For the next 15 years, I worked as a nurse and continued to watch my children grow up. That happy state of affairs continued until I found a lump in my right breast in September 2006. The next day, I was at Fox Chase for a mammogram, an ultrasound, and a needle biopsy. A few days later, I got the call. They told me what I already knew—I had cancer.

Within nine days of finding the lump, a team that included breast surgeon Dr. Richard J. Bleicher performed my second mastectomy. It was incredible--I was home from the hospital the next day and went to Rosh Hashanah dinner that night. I barely even needed pain medication.
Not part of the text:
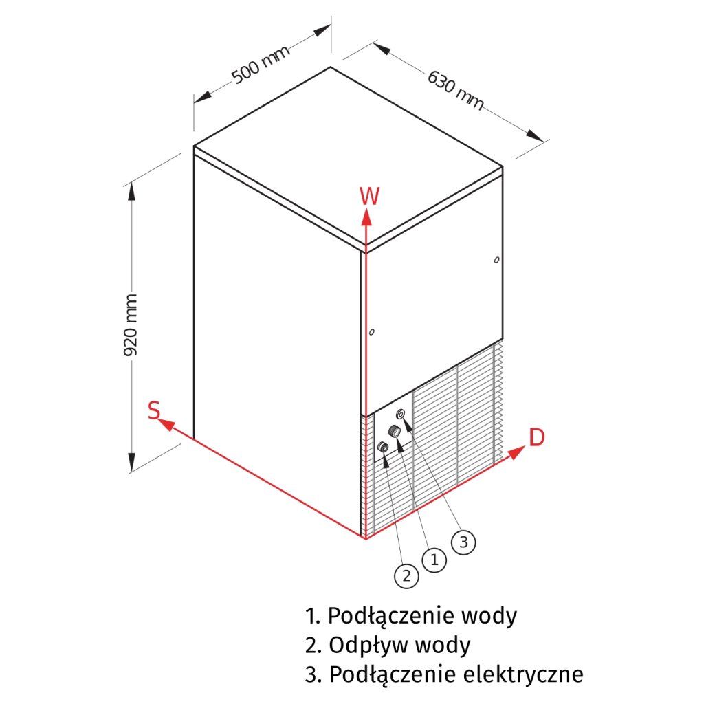Plná kostka ledu 44 kg/24 h, objem zásobníku 12 kg, vodní chlazení, 0,45 kW, 500x630x920 mm | NTF, D 90 W
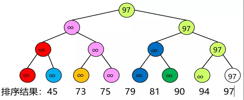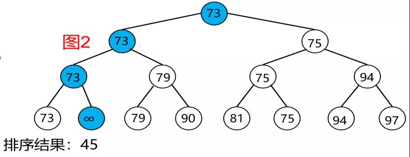 2. 如何輸出正確順序:根據(jù)圖1可以知道根節(jié)點(diǎn)是45,也就是最小的。圖2就是把第一遍找出來(lái)的45用無(wú)窮符號(hào)代替,然后又兩兩比較,直到根節(jié)點(diǎn)變?yōu)樽钚〉?,通過(guò)圖1和圖2對(duì)比可以看出第一遍找到的最小的是45,第二遍是73,,現(xiàn)在又將找出來(lái)的73用無(wú)窮符號(hào)代替,又重復(fù)上面的操作,直到對(duì)所有數(shù)據(jù)排完序。如下圖所示

Afterwards, I underwent six chemotherapy treatments and was told my blood work looked good.

I took a leave of absence from my nursing job at the time, but I just kept plugging along. My kids were older during this second diagnosis, and we all managed very well.

By 2009, I was convinced my chances of getting breast cancer again were slim. I met with Dr. Neal S. Topham, chief of plastic and reconstructive surgery at Fox Chase, and decided to undergo reconstructive surgery.

I opted for a bilateral TRAM flap, which utilizes a portion of skin, fat, and muscle from the abdomen to form new breasts. After all I’d been through, I was absolutely thrilled with the results. I have natural-feeling breasts, and my stomach is flat as can be. Even though it took me three months to recover, I would do it again in a heartbeat. The doctors at Fox Chase were thorough--they didn't leave a stone unturned.

It’s been a long road. The genetic research is much more advanced than the first time I had cancer. I’m a firm believer in being proactive and being your own advocate. Ultimately, we’re all responsible for our own decisions when it comes to our health. I now have three granddaughters and a grandson, and I continue to work as a nurse and spend my free time babysitting, golfing, and reading.

When diagnosed with cancer, I would tell someone to just keep a positive attitude and continue with your life. This is a bump in the road, and before you know it, it will be over and will be a memory.